Le plaisir de la glace
Ce sentiment de retour en arrière a été présent surtout sur la glace. Les directives gouvernementales nous permettent de jouer comme avant la pandémie. Pas de masque, une distanciation vite oubliée, des cris revenus, du brossage efficace, tout est pour le mieux. Sauf peut-être la précision du jeu, la saison blanche a fait perdre quelques habiletés.
Mais c’est très secondaire, en tout cas pour la première partie (que j’ai gagnée), un peu moins pour la deuxième (que j’ai perdue). Blague à part, durant deux heures, nous retrouvons la « vie d’avant ». C’est une sensation que je n’espérais par ressentir de si tôt. Comme quoi, tout peut aller très vite.
Le Valais a eu sa Foire de Martigny pour faire comme avant, au Québec, c’est plus compliqué. Les restrictions sont encore très présentes et la peur du Covid semble bien plus grande. Toutefois, dès qu’on a désinfecté les pierres en début de partie, toute cette angoisse semble s’envoler comme par magie.
Conditionné depuis longtemps
Cette magie me laisse à penser que la peur que je percevais bien plus forte ici au Québec qu’en Suisse, malgré la moitié moins de cas détectés, vient essentiellement des annonces gouvernementales. Au moment où j’écris ces lignes, tous les médias annonces un retour à la hausse des cas à travers la province : de 480 à 520 !
40 cas de plus et un veut créer un vent de panique. On le suscite chez certaines personnes plus influençables. C’est désolant. Dans le même temps en Suisse, on se félicite de passer enfin sous les 1 000 cas journaliers. Je rappelle que la Suisse et le Québec comptent un nombre d’habitants comparable.

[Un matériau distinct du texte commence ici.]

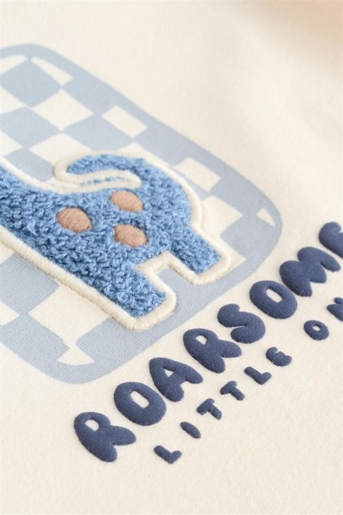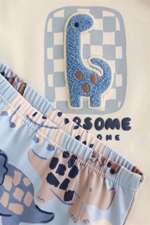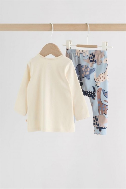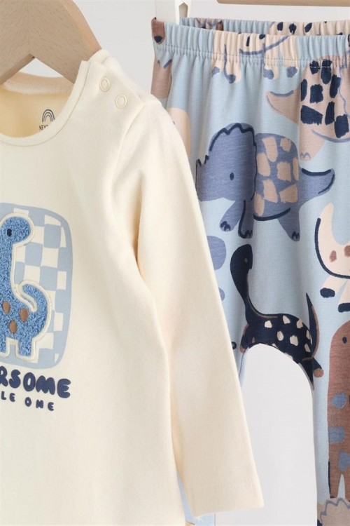 Игрив и уютен, този комплект от две части е идеален за ежедневно носене. Супер мекото горнище е със сладък принт, а панталонът има ластик на талията за удобно прилягане. Това е универсален и забавен комплект за вашето мъниче.

La même stratégie fonctionne pour la vaccination. Alors que le Québec voit sa population de plus de 18 ans complètement vaccinée à 90%, la Suisse n’en est qu’a 71%. En revanche, si le Conseil fédéral prévoit lever les mesures sanitaires quand 80 % de la population sera vaccinée, le Québec qui prévoyait le faire au départ lorsque 75 % de sa population serait vaccinée, a monté ce chiffre à 95%. Sans oublier que la vaccination des enfants est encouragée après celle des adolescents. Le ministère de la santé du Québec étudie la vaccination dès 5 ans.

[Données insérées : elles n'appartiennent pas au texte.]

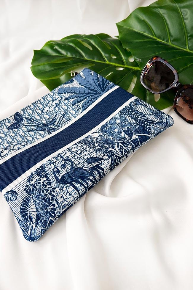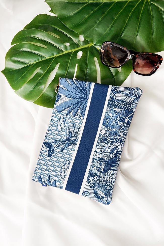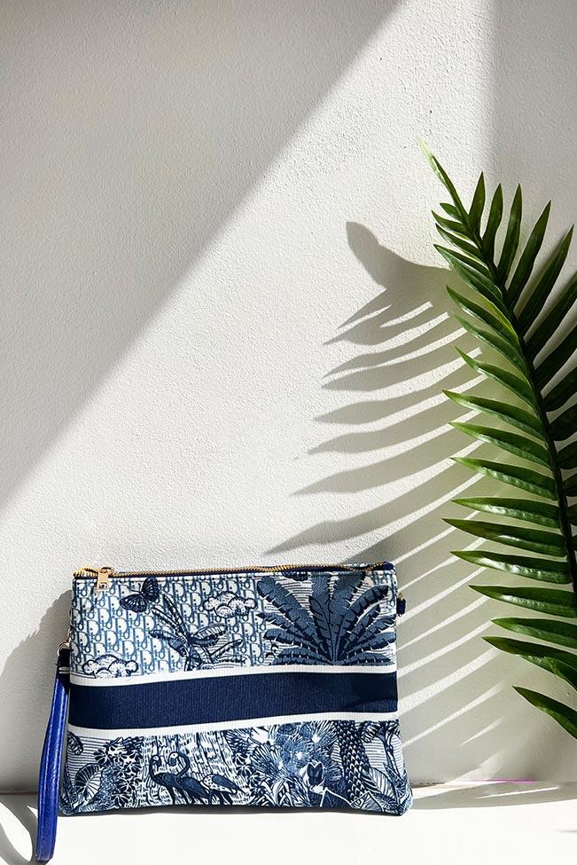 Τσαντάκι νεσεσέρ θαλάσσης σε μπλε χρώμα με φαρδιά ρίγα και τροπικό μοτίβο. Διαθέτει λουράκι χειρός και συνοδεύεται από επιπλέον μακρύ λουράκι που αφαιρείται. Στο εσωτερικό έχει μία ενιαία τσέπη καθώς και ένα μικρότερο τσεπάκι που κλείνει με φερμουάρ.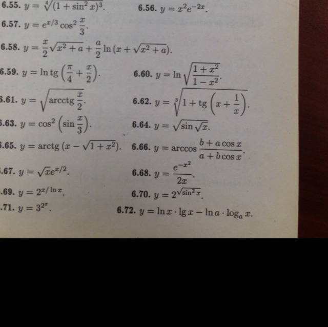 я люблю производные, но не до такой степени что бы тебе их 17 штук делать, если бы штук 5 тогда ладно, а сама что не можешь? f(g(h(x)))-это производная сложной функции просто начинаешь с самых внешних скобок(в первом примере это корень), потом от (х)^3=3(х)^2 а потом от внутренностей, и всё это перемножаешь, а так тебе делать это никто не будет даже не надейся, надейся лучше на себя

Quels risques sommes-nous collectivement prêt à prendre?
La notion de risque zéro est très présente au Québec. C’est une grosse erreur selon moi. Il vaudrait mieux parler, comme un peu la philosophie suisse, de risque acceptable. Ce type de risque peut varier d’une société à l’autre. On peut en effet débattre démocratiquement du niveau de risque que collectivement nous voulons prendre.

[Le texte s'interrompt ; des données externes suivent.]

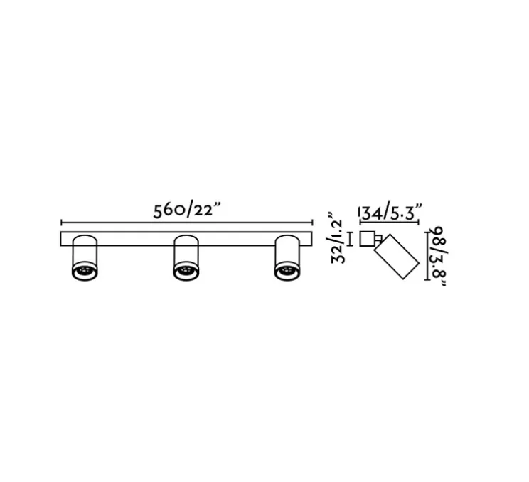 L’éclairage mesure 9,8 cm de hauteur max selon l’inclinaison des spots et 56 cm de longueur. Les trois ampoules LED GU10 d’une puissance maximale de 8W ne sont pas fournies mais sont recommandées pour un éclairage optimal. Un modèle au coloris blanc est aussi disponible.

Si le Parlement suisse peut débattre de ce sujet, il n’en est pas question au Québec. Très tôt dans cette pandémie, j’ai senti la volonté de voir disparaître ce virus pour relâcher la pression mise sur la population. Si l’idée de vouloir faire baisser la pression sur les hôpitaux pouvait se justifier en début de pandémie lorsque la Covid-19 était peu connue, pouvait se justifier, aujourd’hui, on n’en est plus là.
La multiplication des incohérences
La science que tous les gouvernements appellent en référence a fait d’énormes progrès. On en sait toujours plus, mais c’est comme si le Québec n’arrivait pas à les enregistrer. Si le masque apparaît aujourd’hui comme un outil essentiel pour lutter contre la propagation essentiellement aérienne du virus, on n’a aucunement allégé des mesures moins susceptibles de freiner la propagation : les journaux sont toujours interdits dans les cafés.
Au curling, on ne peut se déplacer sans masque dans la salle du bar ou on ne peut aller aux toilettes sans se couvrir le visage. Cependant, nous pouvons jouer librement sans masque sur la glace, parce que c’est du sport. Allez comprendre.
Il faut vraiment que je fasse du sport plus régulièrement. Non seulement, je vais maigrir, mais le virus ne m’attaquera pas puisqu’il néglige les sportifs!